◆ Work to complete ◆
Although pictures appear in the records, the copy must leave them out and match everything else exactly.

+++ Data for this exercise +++

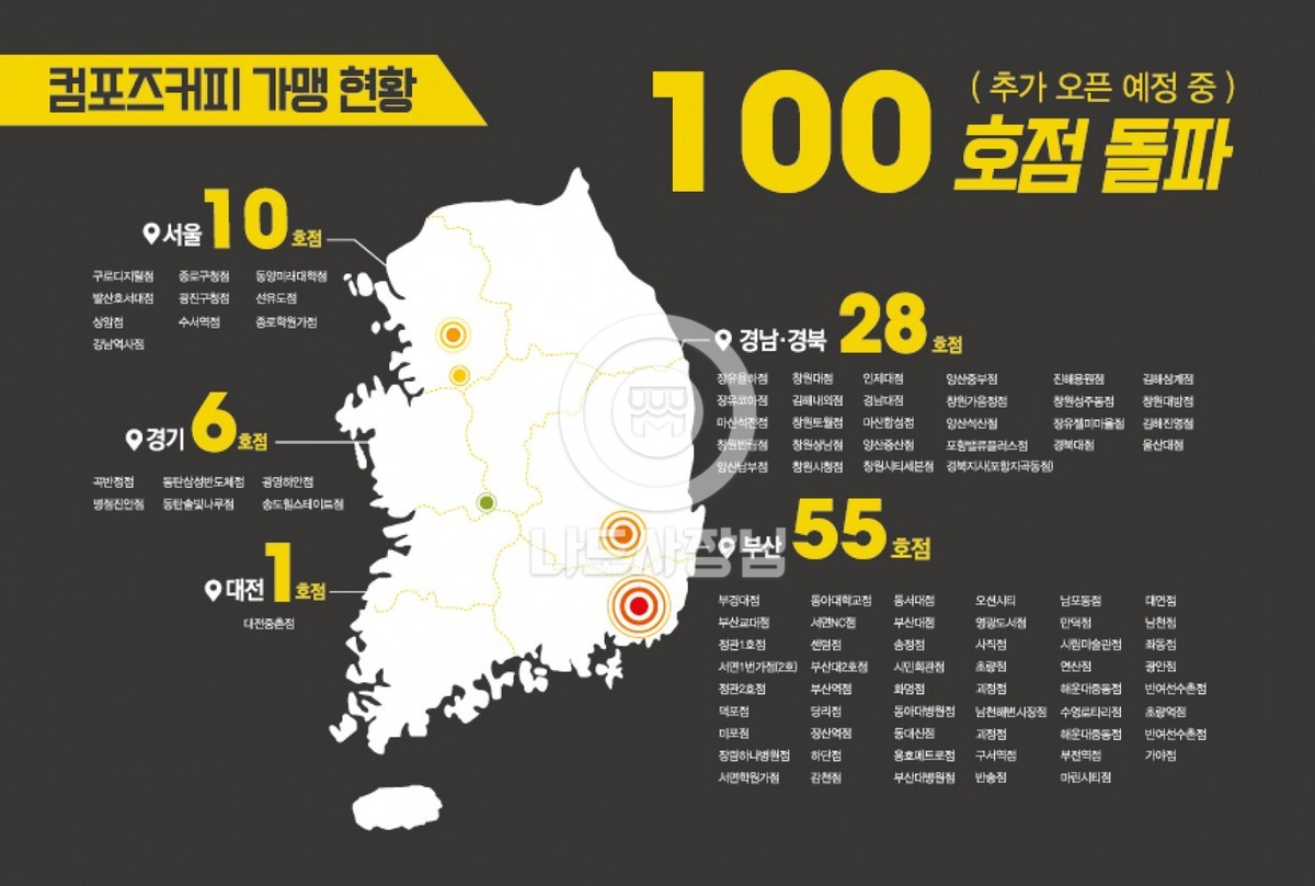 본사정보 상호 주) 제이엠커피컴퍼니 대표자 양재석 주소 부산 기장군 기장읍 당사로3길 16 (시랑리) . 브랜드정보 업태/업종 음료/디저트 커피 주력아이템 갓 볶은 신선한 커피 가맹점수 95 개 창업비용 6,453 만원 월평균 매출 2,500 만원 가맹점 평균수익률 30.0 % 가맹점 개설비용 가맹비 500 만원 인테리어(평당) 180 만원 보증금 로열티 20 만원 주방설치/집기 2,823 만원 기타 200 만원 교육비 200만원, 간판 600만원, 홍보물 150만원, 폴딩도어 160만원, 어닝 120만원, 오디오 100만원 총 소요비용 6,453 만원 브랜드 홍보영상
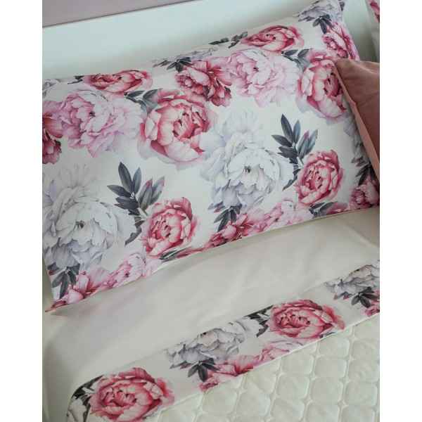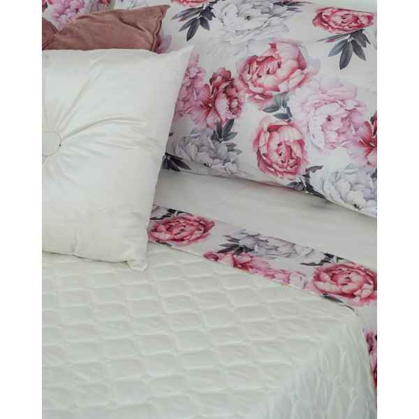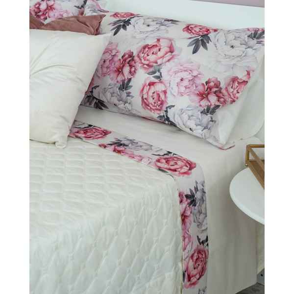 Il completo è in cotone e il set comprende: lenzuolo sopra, lenzuolo sotto e 2 federe a sacchetto.
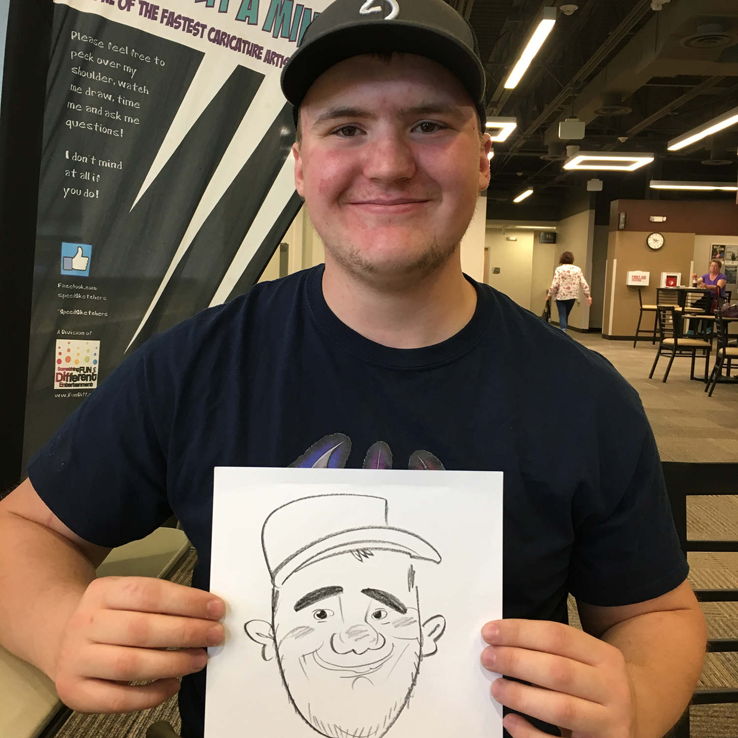 We LOVED him!! He was so nice, funny, and I loved how he visited around the building to approach people. Very different than other novelties I have had in the past where they just wait for someone to come to them. He even received compliments from our administration. He’s going to be our go-to caricature artist from now on!
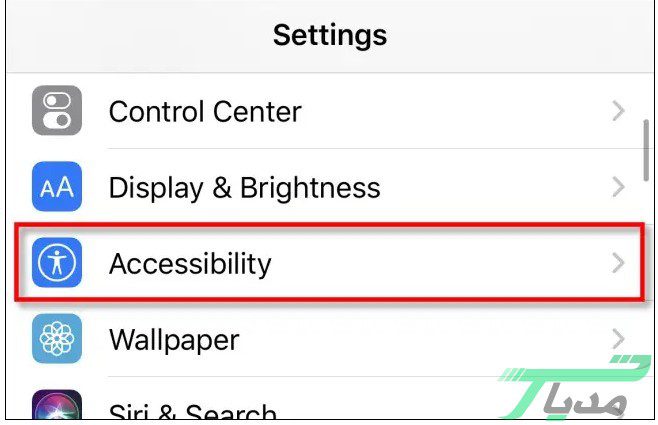 ۲- در قسمت تنظیمات روی گزینه Accessibility کلیک کنید.
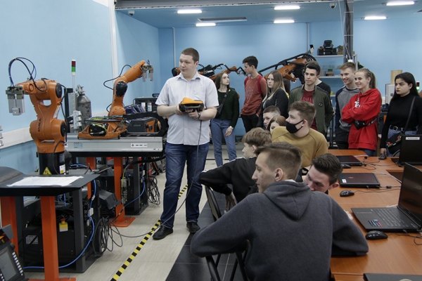 Далее все участники мероприятия посетили научно-образовательный центр «Промышленная робототехника и передовые промышленные технологии» КнАГУ. Руководитель центра С.И. Сухоруков продемонстрировал присутствующим азы автоматики, связанные с работой электро-гидро-пневмостендов, различные операции, производимые промышленными роботами на современном автоматизированном производстве.
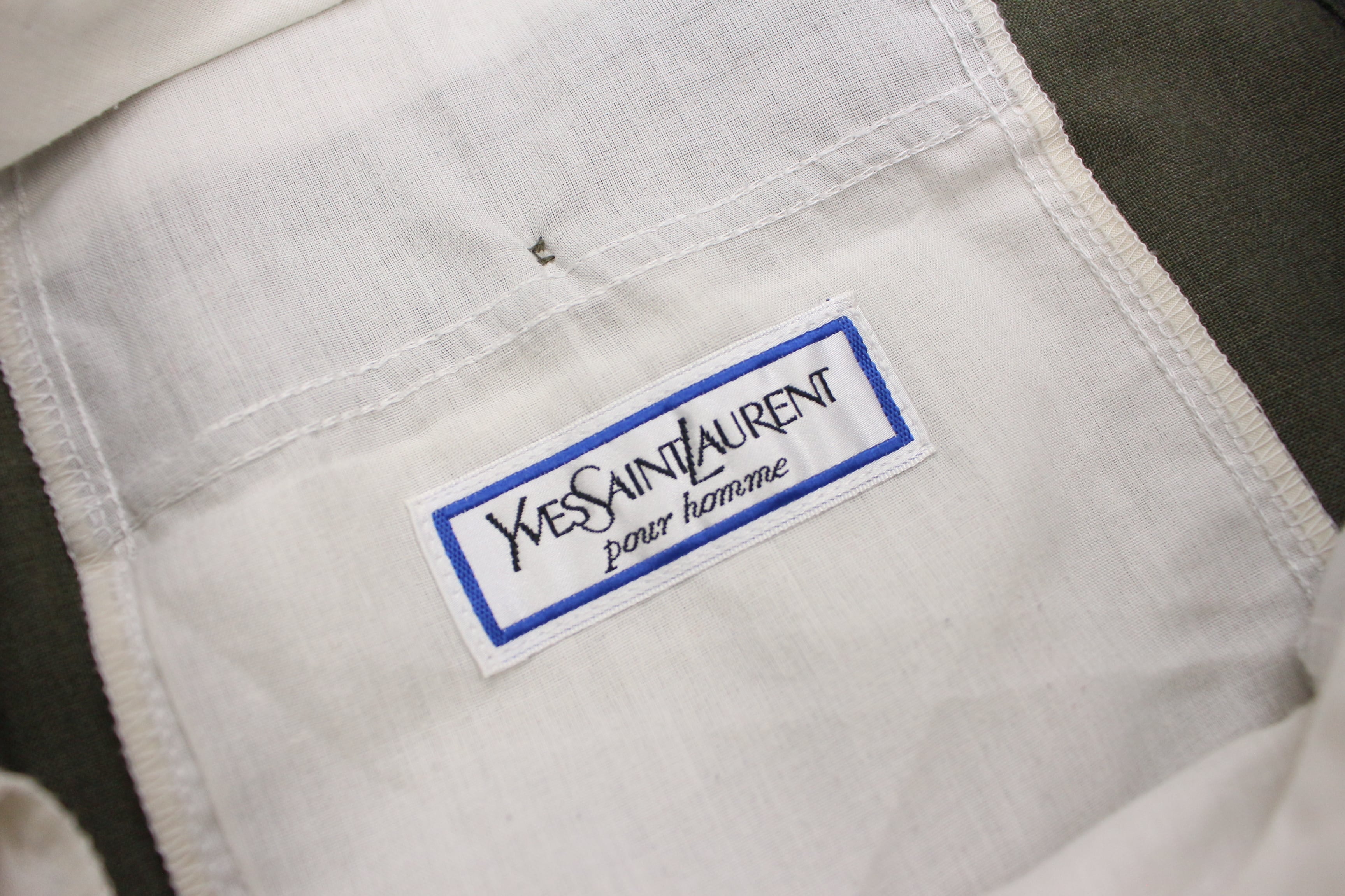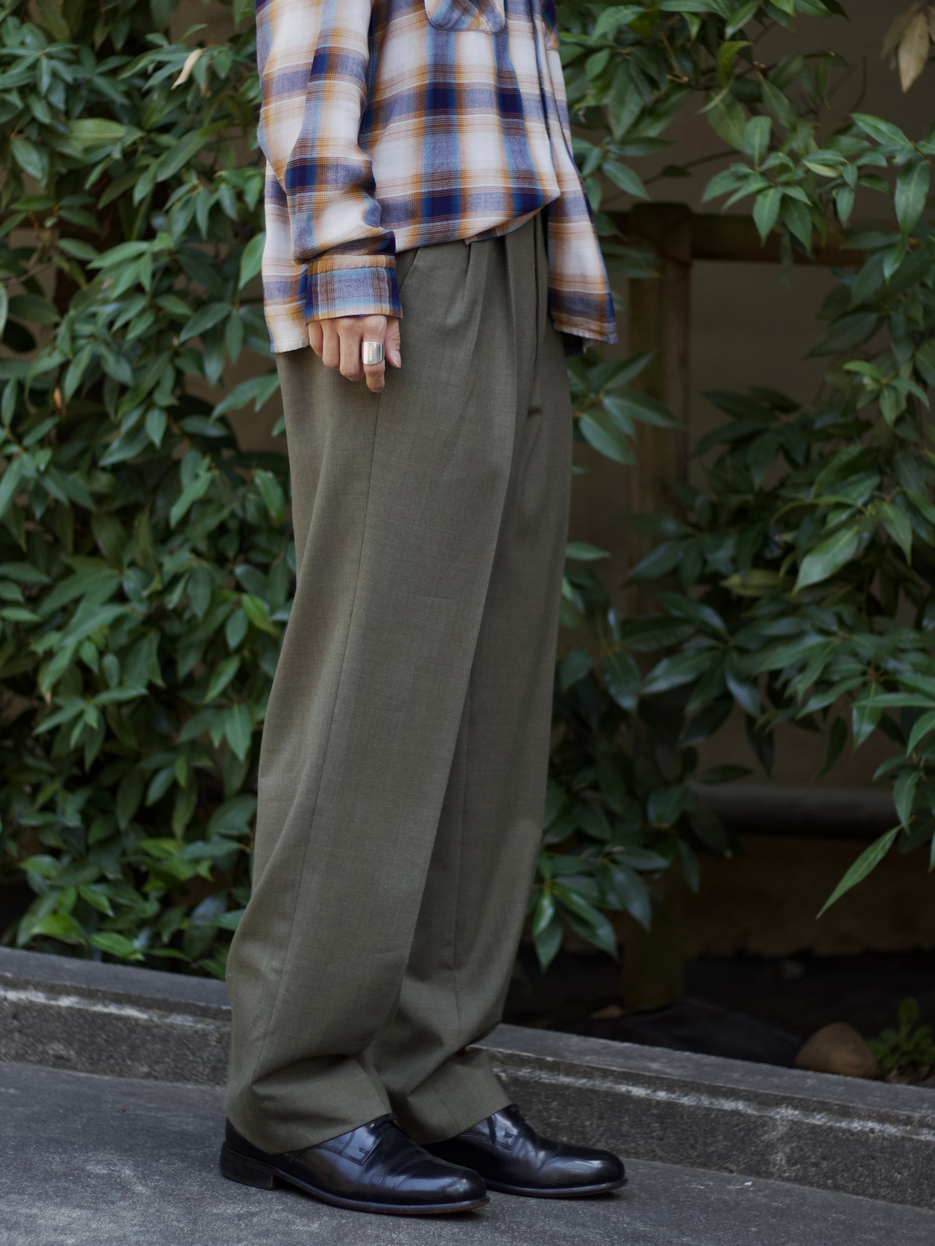 1990s vintage "Yves Saint Laurent" yomogi color wide 2-tuck slacks【CU-9254】
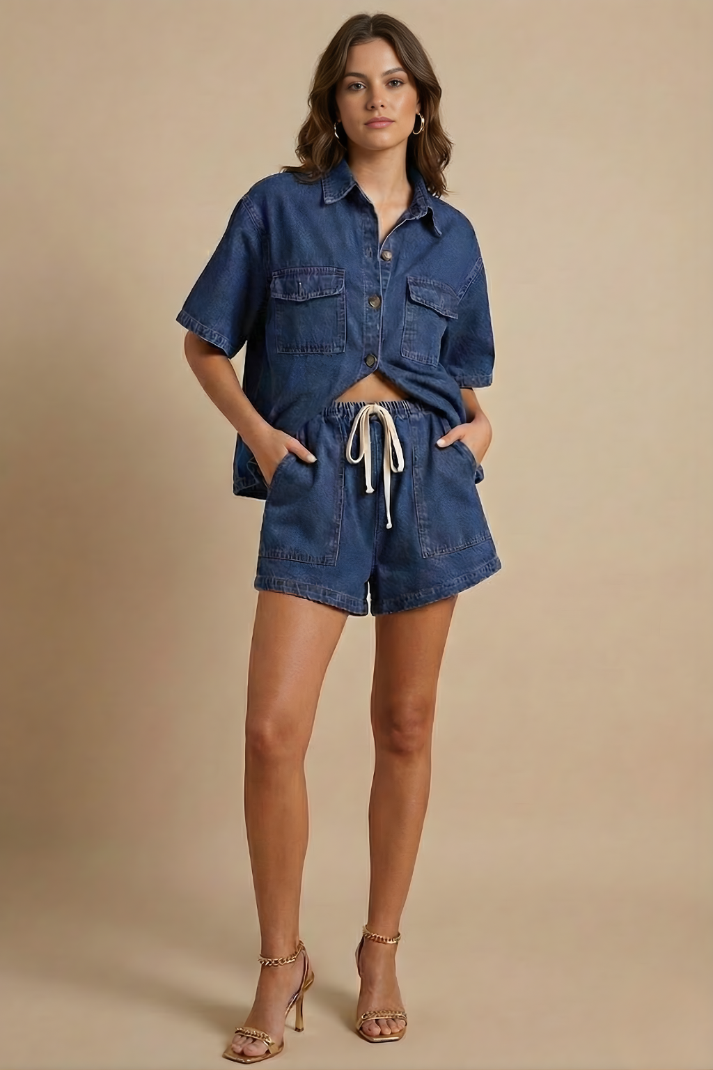 Women’s Two Piece Lounge Set with Short Sleeve Button Top and Relaxed Fit Shorts - Casual Co-ord Outfit

+++

◆ Final answer ◆
 본사정보 상호 주) 제이엠커피컴퍼니 대표자 양재석 주소 부산 기장군 기장읍 당사로3길 16 (시랑리) . 브랜드정보 업태/업종 음료/디저트 커피 주력아이템 갓 볶은 신선한 커피 가맹점수 95 개 창업비용 6,453 만원 월평균 매출 2,500 만원 가맹점 평균수익률 30.0 % 가맹점 개설비용 가맹비 500 만원 인테리어(평당) 180 만원 보증금 로열티 20 만원 주방설치/집기 2,823 만원 기타 200 만원 교육비 200만원, 간판 600만원, 홍보물 150만원, 폴딩도어 160만원, 어닝 120만원, 오디오 100만원 총 소요비용 6,453 만원 브랜드 홍보영상
 Il completo è in cotone e il set comprende: lenzuolo sopra, lenzuolo sotto e 2 federe a sacchetto.
 We LOVED him!! He was so nice, funny, and I loved how he visited around the building to approach people. Very different than other novelties I have had in the past where they just wait for someone to come to them. He even received compliments from our administration. He’s going to be our go-to caricature artist from now on!
 ۲- در قسمت تنظیمات روی گزینه Accessibility کلیک کنید.
 Далее все участники мероприятия посетили научно-образовательный центр «Промышленная робототехника и передовые промышленные технологии» КнАГУ. Руководитель центра С.И. Сухоруков продемонстрировал присутствующим азы автоматики, связанные с работой электро-гидро-пневмостендов, различные операции, производимые промышленными роботами на современном автоматизированном производстве.
 1990s vintage "Yves Saint Laurent" yomogi color wide 2-tuck slacks【CU-9254】
 Women’s Two Piece Lounge Set with Short Sleeve Button Top and Relaxed Fit Shorts - Casual Co-ord Outfit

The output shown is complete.